DATA SECTION:
• • • •
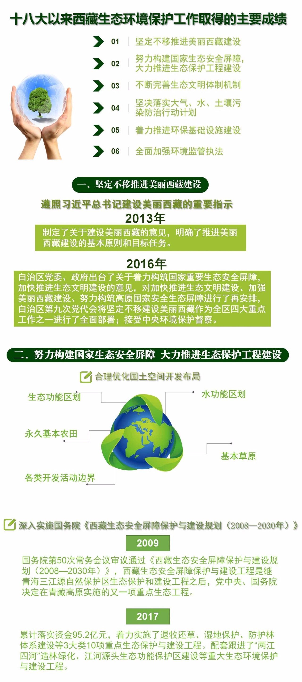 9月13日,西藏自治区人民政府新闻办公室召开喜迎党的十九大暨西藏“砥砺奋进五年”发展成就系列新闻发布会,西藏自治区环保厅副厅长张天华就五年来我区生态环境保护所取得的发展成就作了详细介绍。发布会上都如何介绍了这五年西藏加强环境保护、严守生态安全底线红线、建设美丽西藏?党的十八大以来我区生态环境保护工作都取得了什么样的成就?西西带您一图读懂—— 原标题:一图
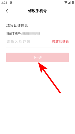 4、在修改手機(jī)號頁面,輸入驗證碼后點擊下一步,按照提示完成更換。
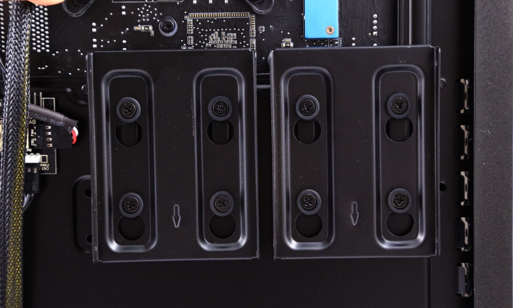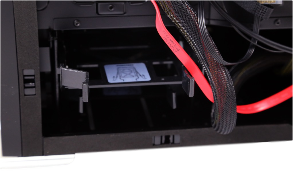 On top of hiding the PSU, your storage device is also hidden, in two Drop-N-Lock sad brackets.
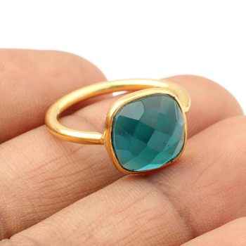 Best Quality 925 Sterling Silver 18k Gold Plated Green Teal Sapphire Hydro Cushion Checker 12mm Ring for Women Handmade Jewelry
• • • •
Reproduce all of the material exactly, apart from the pictures.

 9月13日,西藏自治区人民政府新闻办公室召开喜迎党的十九大暨西藏“砥砺奋进五年”发展成就系列新闻发布会,西藏自治区环保厅副厅长张天华就五年来我区生态环境保护所取得的发展成就作了详细介绍。发布会上都如何介绍了这五年西藏加强环境保护、严守生态安全底线红线、建设美丽西藏?党的十八大以来我区生态环境保护工作都取得了什么样的成就?西西带您一图读懂—— 原标题:一图
 4、在修改手機(jī)號頁面,輸入驗證碼后點擊下一步,按照提示完成更換。
 On top of hiding the PSU, your storage device is also hidden, in two Drop-N-Lock sad brackets.
 Best Quality 925 Sterling Silver 18k Gold Plated Green Teal Sapphire Hydro Cushion Checker 12mm Ring for Women Handmade Jewelry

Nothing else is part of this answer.